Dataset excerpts
- - -
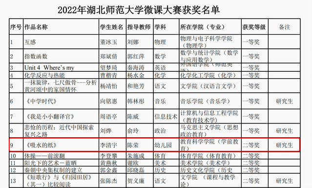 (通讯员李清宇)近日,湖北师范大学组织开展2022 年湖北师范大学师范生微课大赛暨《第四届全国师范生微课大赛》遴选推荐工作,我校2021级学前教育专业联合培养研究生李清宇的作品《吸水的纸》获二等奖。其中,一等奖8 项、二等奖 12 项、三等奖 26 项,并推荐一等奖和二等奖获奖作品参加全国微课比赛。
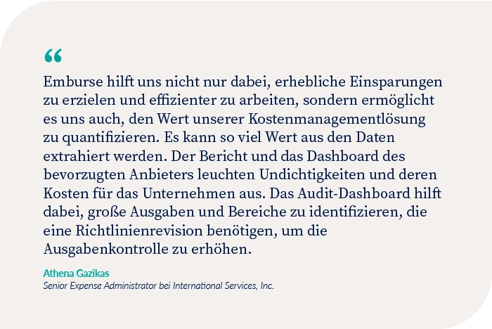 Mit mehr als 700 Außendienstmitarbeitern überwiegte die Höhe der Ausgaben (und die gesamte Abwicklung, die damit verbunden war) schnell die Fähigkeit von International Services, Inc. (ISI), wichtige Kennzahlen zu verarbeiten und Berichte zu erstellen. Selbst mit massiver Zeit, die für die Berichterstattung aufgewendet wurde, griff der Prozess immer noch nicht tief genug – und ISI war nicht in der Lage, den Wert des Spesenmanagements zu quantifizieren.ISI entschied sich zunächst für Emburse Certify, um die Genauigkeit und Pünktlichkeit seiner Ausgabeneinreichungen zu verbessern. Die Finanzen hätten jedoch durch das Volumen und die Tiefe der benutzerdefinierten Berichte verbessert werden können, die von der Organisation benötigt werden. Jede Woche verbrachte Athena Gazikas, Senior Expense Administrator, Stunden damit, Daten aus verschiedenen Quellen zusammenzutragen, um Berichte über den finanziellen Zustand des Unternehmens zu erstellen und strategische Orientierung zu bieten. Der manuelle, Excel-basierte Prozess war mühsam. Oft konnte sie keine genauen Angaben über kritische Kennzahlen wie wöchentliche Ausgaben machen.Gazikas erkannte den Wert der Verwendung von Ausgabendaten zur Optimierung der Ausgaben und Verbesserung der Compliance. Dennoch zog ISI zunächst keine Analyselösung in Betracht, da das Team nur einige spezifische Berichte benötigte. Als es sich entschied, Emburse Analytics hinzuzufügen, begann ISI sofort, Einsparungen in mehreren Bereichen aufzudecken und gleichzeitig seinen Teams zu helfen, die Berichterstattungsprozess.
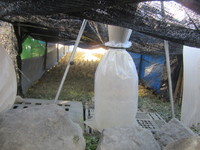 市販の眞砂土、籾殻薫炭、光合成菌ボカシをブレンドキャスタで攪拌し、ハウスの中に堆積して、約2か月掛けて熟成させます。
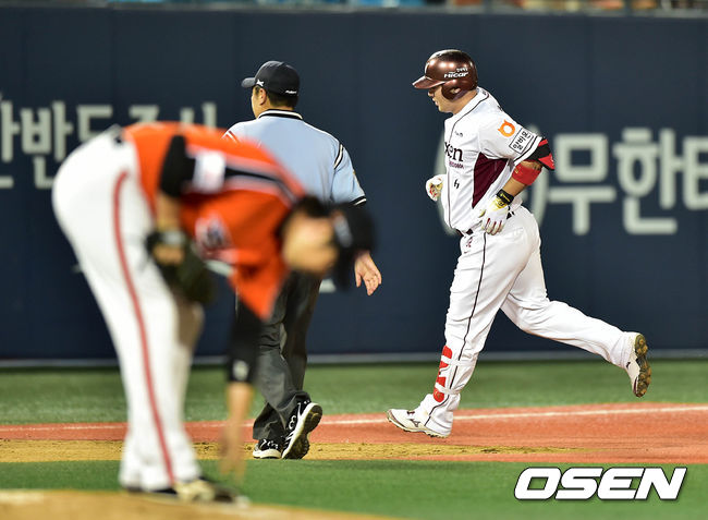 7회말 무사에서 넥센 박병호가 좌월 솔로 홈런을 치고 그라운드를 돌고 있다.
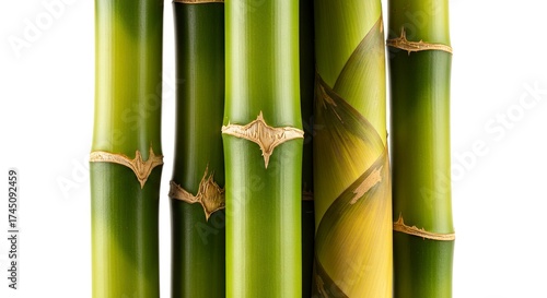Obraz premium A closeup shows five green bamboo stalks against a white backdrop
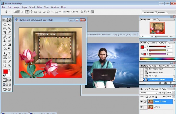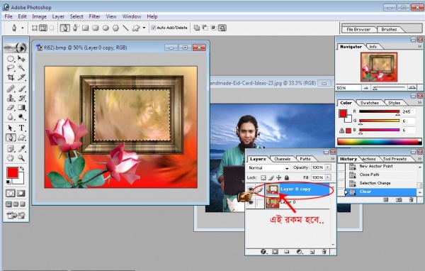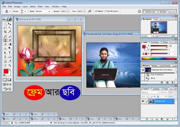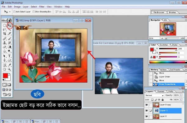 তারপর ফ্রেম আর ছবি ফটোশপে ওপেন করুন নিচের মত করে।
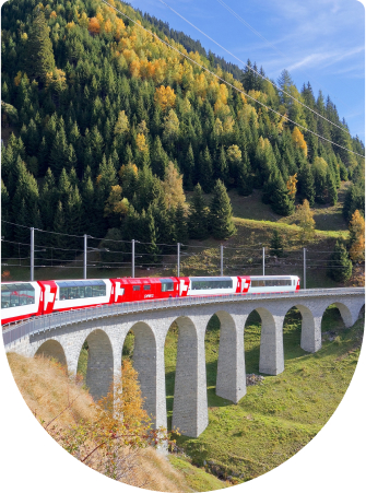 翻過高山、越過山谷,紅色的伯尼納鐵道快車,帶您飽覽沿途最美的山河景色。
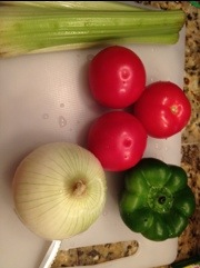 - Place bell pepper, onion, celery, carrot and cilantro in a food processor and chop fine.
- - -
→ **WHAT THE TASK ASKS**:
Repeat the records above exactly. Pictures do not belong in the copy.

→ **SOLUTION**:
 (通讯员李清宇)近日,湖北师范大学组织开展2022 年湖北师范大学师范生微课大赛暨《第四届全国师范生微课大赛》遴选推荐工作,我校2021级学前教育专业联合培养研究生李清宇的作品《吸水的纸》获二等奖。其中,一等奖8 项、二等奖 12 项、三等奖 26 项,并推荐一等奖和二等奖获奖作品参加全国微课比赛。
 Mit mehr als 700 Außendienstmitarbeitern überwiegte die Höhe der Ausgaben (und die gesamte Abwicklung, die damit verbunden war) schnell die Fähigkeit von International Services, Inc. (ISI), wichtige Kennzahlen zu verarbeiten und Berichte zu erstellen. Selbst mit massiver Zeit, die für die Berichterstattung aufgewendet wurde, griff der Prozess immer noch nicht tief genug – und ISI war nicht in der Lage, den Wert des Spesenmanagements zu quantifizieren.ISI entschied sich zunächst für Emburse Certify, um die Genauigkeit und Pünktlichkeit seiner Ausgabeneinreichungen zu verbessern. Die Finanzen hätten jedoch durch das Volumen und die Tiefe der benutzerdefinierten Berichte verbessert werden können, die von der Organisation benötigt werden. Jede Woche verbrachte Athena Gazikas, Senior Expense Administrator, Stunden damit, Daten aus verschiedenen Quellen zusammenzutragen, um Berichte über den finanziellen Zustand des Unternehmens zu erstellen und strategische Orientierung zu bieten. Der manuelle, Excel-basierte Prozess war mühsam. Oft konnte sie keine genauen Angaben über kritische Kennzahlen wie wöchentliche Ausgaben machen.Gazikas erkannte den Wert der Verwendung von Ausgabendaten zur Optimierung der Ausgaben und Verbesserung der Compliance. Dennoch zog ISI zunächst keine Analyselösung in Betracht, da das Team nur einige spezifische Berichte benötigte. Als es sich entschied, Emburse Analytics hinzuzufügen, begann ISI sofort, Einsparungen in mehreren Bereichen aufzudecken und gleichzeitig seinen Teams zu helfen, die Berichterstattungsprozess.
 市販の眞砂土、籾殻薫炭、光合成菌ボカシをブレンドキャスタで攪拌し、ハウスの中に堆積して、約2か月掛けて熟成させます。
 7회말 무사에서 넥센 박병호가 좌월 솔로 홈런을 치고 그라운드를 돌고 있다.
Obraz premium A closeup shows five green bamboo stalks against a white backdrop
 তারপর ফ্রেম আর ছবি ফটোশপে ওপেন করুন নিচের মত করে।
 翻過高山、越過山谷,紅色的伯尼納鐵道快車,帶您飽覽沿途最美的山河景色。
 - Place bell pepper, onion, celery, carrot and cilantro in a food processor and chop fine.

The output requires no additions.